A word-for-word copy of the listing is what's needed; leave out every image.
Content starts
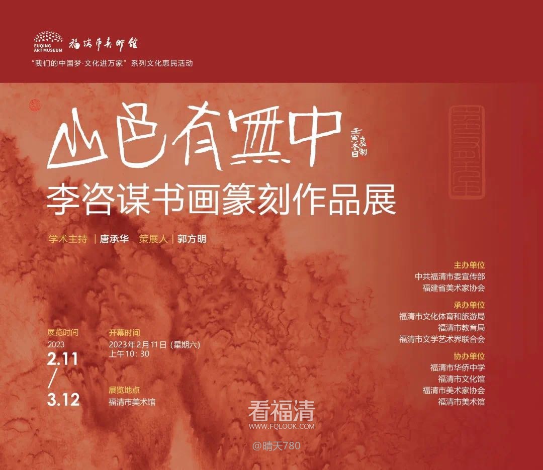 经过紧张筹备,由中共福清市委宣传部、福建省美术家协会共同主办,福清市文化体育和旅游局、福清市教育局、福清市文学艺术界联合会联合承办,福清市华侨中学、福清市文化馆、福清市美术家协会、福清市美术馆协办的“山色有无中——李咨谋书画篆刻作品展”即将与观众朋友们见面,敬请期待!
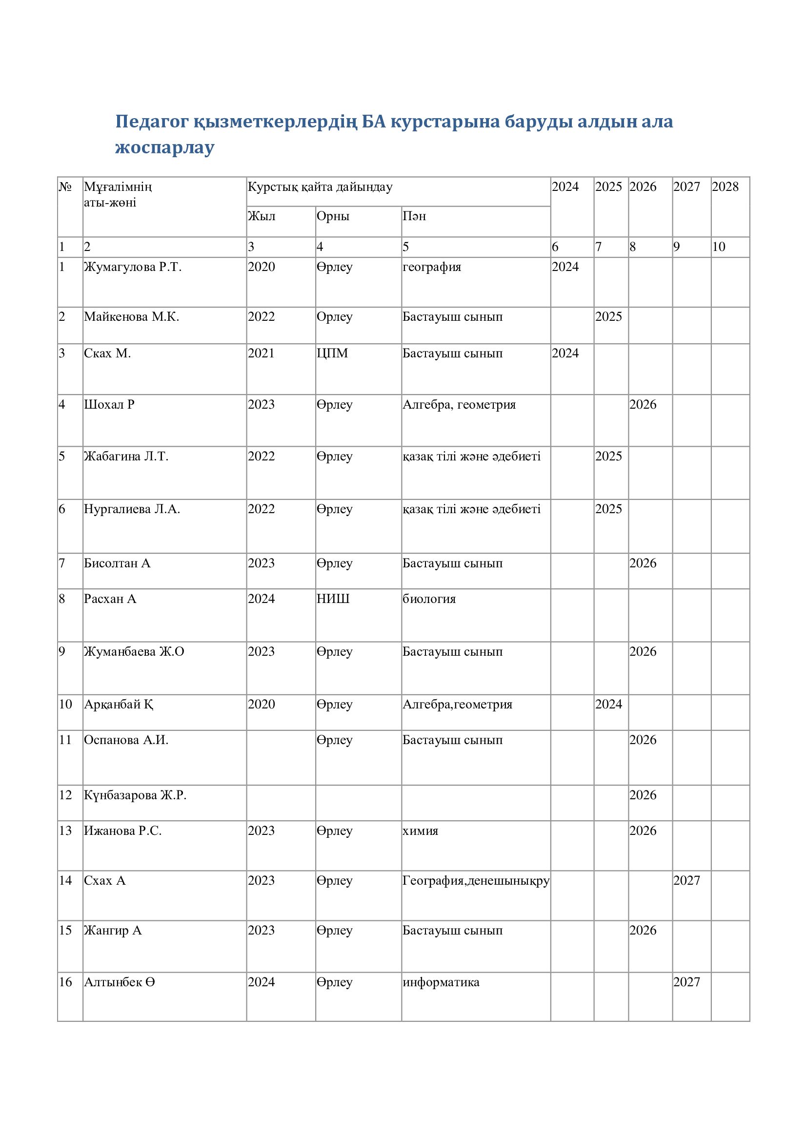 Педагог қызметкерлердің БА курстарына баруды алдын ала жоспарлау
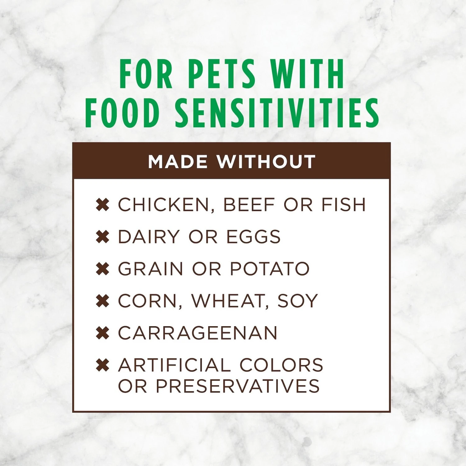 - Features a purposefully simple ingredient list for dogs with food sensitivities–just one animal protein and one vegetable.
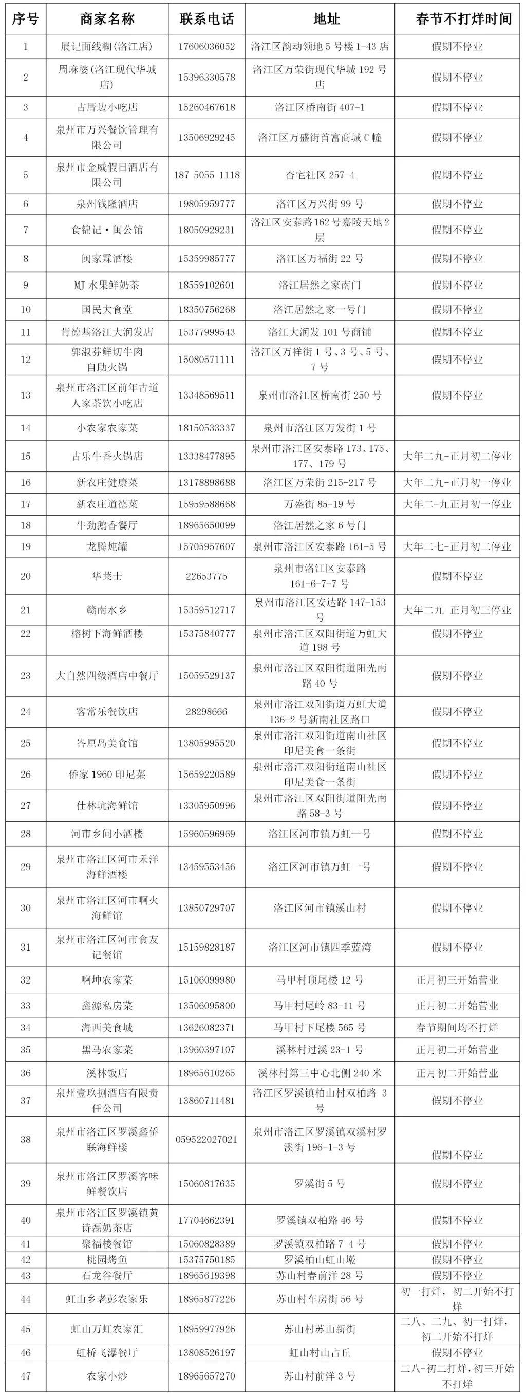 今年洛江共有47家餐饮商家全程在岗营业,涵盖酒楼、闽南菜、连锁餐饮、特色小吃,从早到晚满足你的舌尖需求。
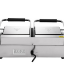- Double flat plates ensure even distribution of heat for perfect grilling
Content ends
Exercise output:
 经过紧张筹备,由中共福清市委宣传部、福建省美术家协会共同主办,福清市文化体育和旅游局、福清市教育局、福清市文学艺术界联合会联合承办,福清市华侨中学、福清市文化馆、福清市美术家协会、福清市美术馆协办的“山色有无中——李咨谋书画篆刻作品展”即将与观众朋友们见面,敬请期待!
 Педагог қызметкерлердің БА курстарына баруды алдын ала жоспарлау
 - Features a purposefully simple ingredient list for dogs with food sensitivities–just one animal protein and one vegetable.
 今年洛江共有47家餐饮商家全程在岗营业,涵盖酒楼、闽南菜、连锁餐饮、特色小吃,从早到晚满足你的舌尖需求。
- Double flat plates ensure even distribution of heat for perfect grilling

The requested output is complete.